• The problem:
The reply is a verbatim copy of the listing below with its images dropped.

• Raw data:

'''

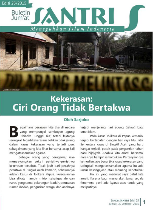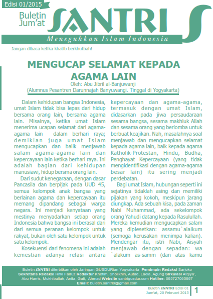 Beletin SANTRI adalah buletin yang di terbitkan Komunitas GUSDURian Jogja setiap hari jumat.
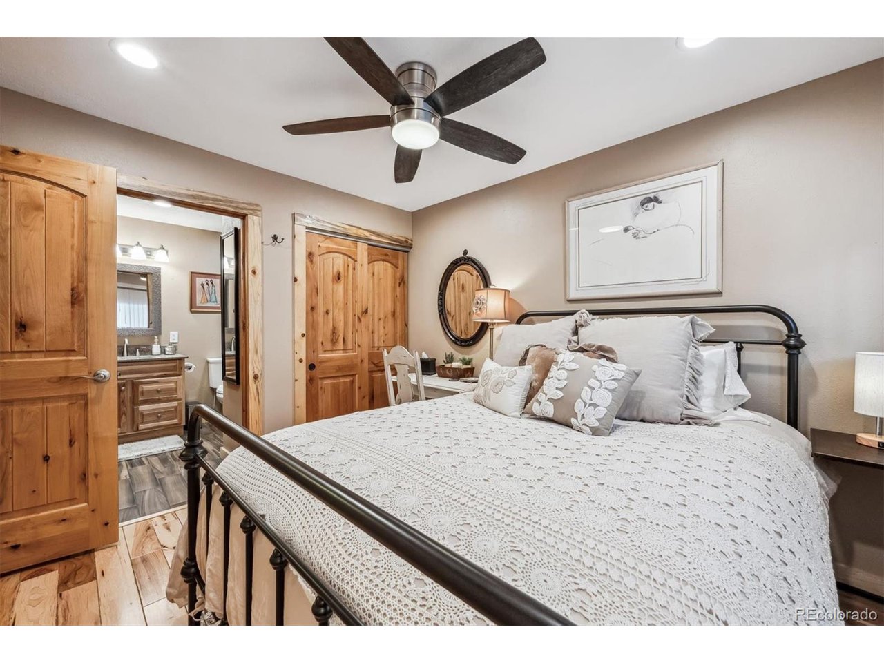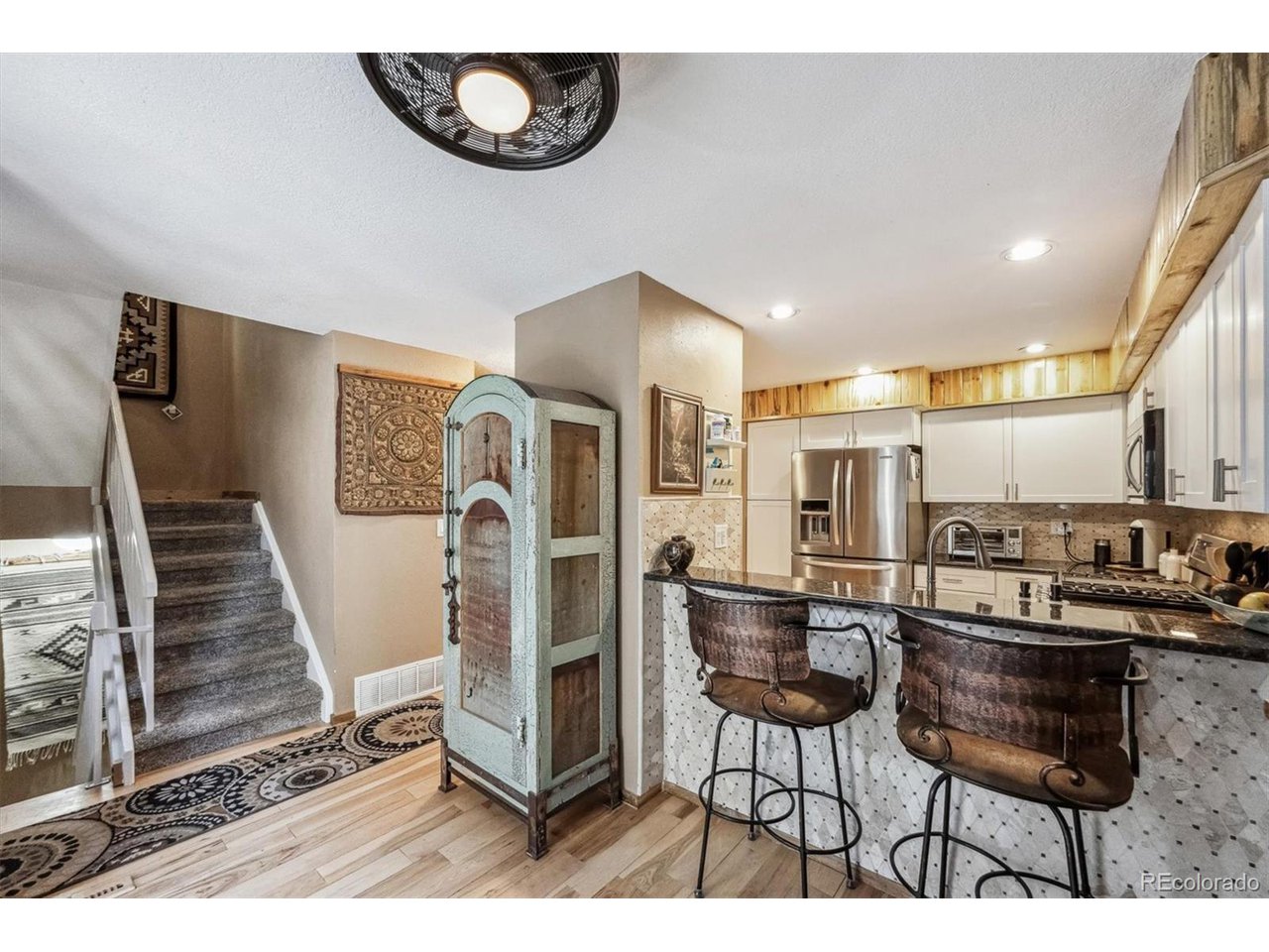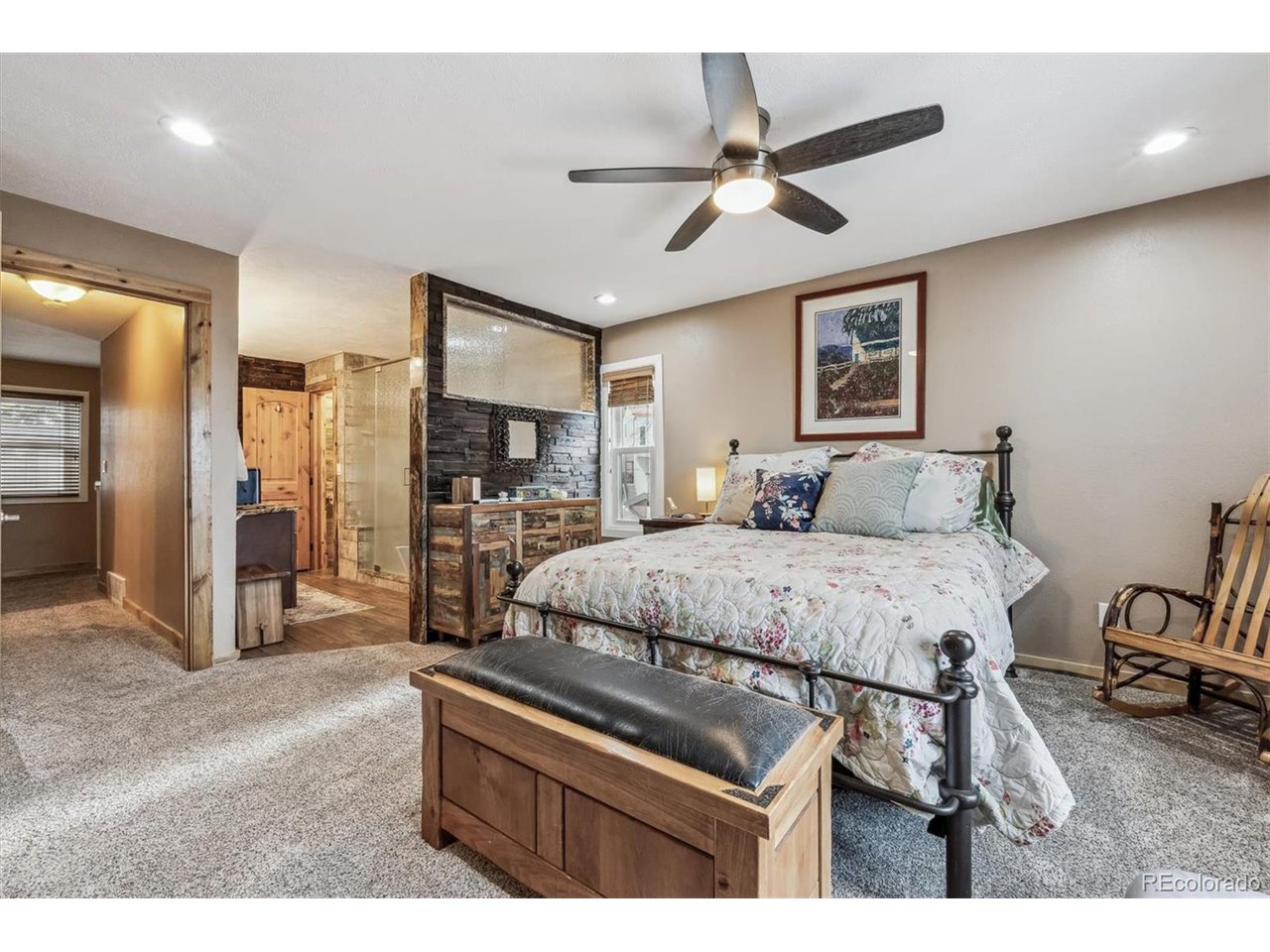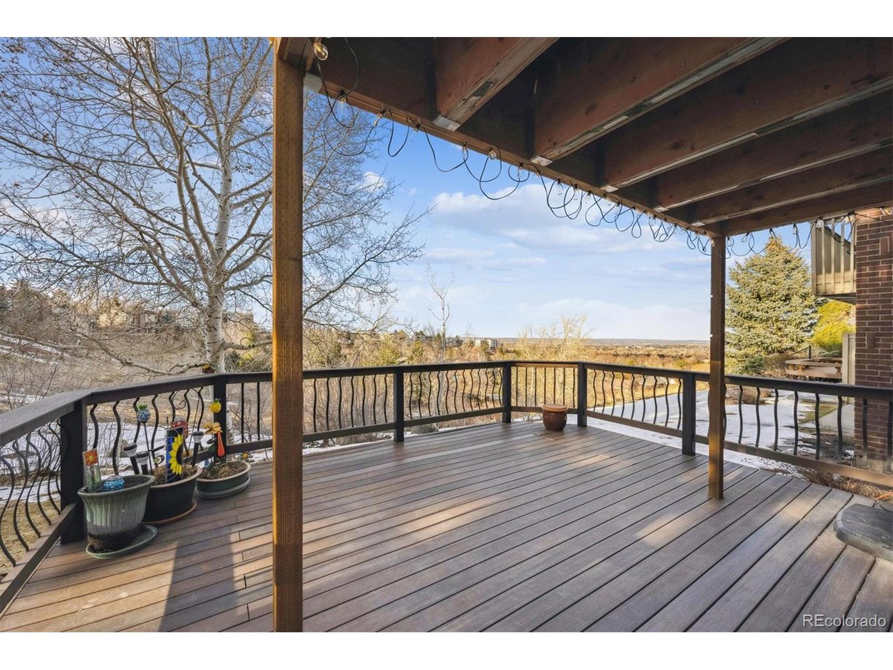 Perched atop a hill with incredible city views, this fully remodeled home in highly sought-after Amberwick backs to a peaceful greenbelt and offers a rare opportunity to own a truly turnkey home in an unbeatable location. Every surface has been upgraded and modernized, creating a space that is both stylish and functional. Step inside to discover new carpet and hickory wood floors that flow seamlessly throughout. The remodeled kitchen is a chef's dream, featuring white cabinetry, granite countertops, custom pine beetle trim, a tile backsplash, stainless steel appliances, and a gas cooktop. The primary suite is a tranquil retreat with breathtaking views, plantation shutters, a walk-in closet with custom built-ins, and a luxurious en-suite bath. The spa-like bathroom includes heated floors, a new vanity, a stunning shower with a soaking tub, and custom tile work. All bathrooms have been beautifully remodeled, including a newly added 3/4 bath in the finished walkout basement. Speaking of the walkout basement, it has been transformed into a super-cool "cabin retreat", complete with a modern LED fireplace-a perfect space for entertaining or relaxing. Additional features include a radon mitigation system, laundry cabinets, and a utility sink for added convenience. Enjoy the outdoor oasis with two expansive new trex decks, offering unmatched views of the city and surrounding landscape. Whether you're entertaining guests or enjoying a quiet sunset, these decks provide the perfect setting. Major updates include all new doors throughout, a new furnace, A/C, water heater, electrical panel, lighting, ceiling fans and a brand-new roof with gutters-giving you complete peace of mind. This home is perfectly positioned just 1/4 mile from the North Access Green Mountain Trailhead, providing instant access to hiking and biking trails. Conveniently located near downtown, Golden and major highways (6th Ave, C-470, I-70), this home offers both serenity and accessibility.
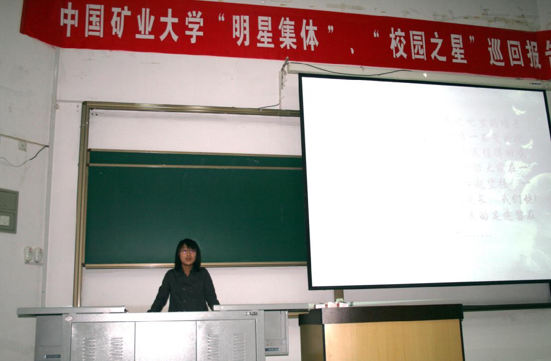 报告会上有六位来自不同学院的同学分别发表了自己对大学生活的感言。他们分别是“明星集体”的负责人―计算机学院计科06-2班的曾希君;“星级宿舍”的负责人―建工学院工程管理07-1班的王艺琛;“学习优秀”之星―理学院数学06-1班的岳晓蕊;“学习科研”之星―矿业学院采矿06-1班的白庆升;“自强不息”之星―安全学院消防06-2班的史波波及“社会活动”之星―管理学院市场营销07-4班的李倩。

'''

• Answer to this task:
 Beletin SANTRI adalah buletin yang di terbitkan Komunitas GUSDURian Jogja setiap hari jumat.
 Perched atop a hill with incredible city views, this fully remodeled home in highly sought-after Amberwick backs to a peaceful greenbelt and offers a rare opportunity to own a truly turnkey home in an unbeatable location. Every surface has been upgraded and modernized, creating a space that is both stylish and functional. Step inside to discover new carpet and hickory wood floors that flow seamlessly throughout. The remodeled kitchen is a chef's dream, featuring white cabinetry, granite countertops, custom pine beetle trim, a tile backsplash, stainless steel appliances, and a gas cooktop. The primary suite is a tranquil retreat with breathtaking views, plantation shutters, a walk-in closet with custom built-ins, and a luxurious en-suite bath. The spa-like bathroom includes heated floors, a new vanity, a stunning shower with a soaking tub, and custom tile work. All bathrooms have been beautifully remodeled, including a newly added 3/4 bath in the finished walkout basement. Speaking of the walkout basement, it has been transformed into a super-cool "cabin retreat", complete with a modern LED fireplace-a perfect space for entertaining or relaxing. Additional features include a radon mitigation system, laundry cabinets, and a utility sink for added convenience. Enjoy the outdoor oasis with two expansive new trex decks, offering unmatched views of the city and surrounding landscape. Whether you're entertaining guests or enjoying a quiet sunset, these decks provide the perfect setting. Major updates include all new doors throughout, a new furnace, A/C, water heater, electrical panel, lighting, ceiling fans and a brand-new roof with gutters-giving you complete peace of mind. This home is perfectly positioned just 1/4 mile from the North Access Green Mountain Trailhead, providing instant access to hiking and biking trails. Conveniently located near downtown, Golden and major highways (6th Ave, C-470, I-70), this home offers both serenity and accessibility.
 报告会上有六位来自不同学院的同学分别发表了自己对大学生活的感言。他们分别是“明星集体”的负责人―计算机学院计科06-2班的曾希君;“星级宿舍”的负责人―建工学院工程管理07-1班的王艺琛;“学习优秀”之星―理学院数学06-1班的岳晓蕊;“学习科研”之星―矿业学院采矿06-1班的白庆升;“自强不息”之星―安全学院消防06-2班的史波波及“社会活动”之星―管理学院市场营销07-4班的李倩。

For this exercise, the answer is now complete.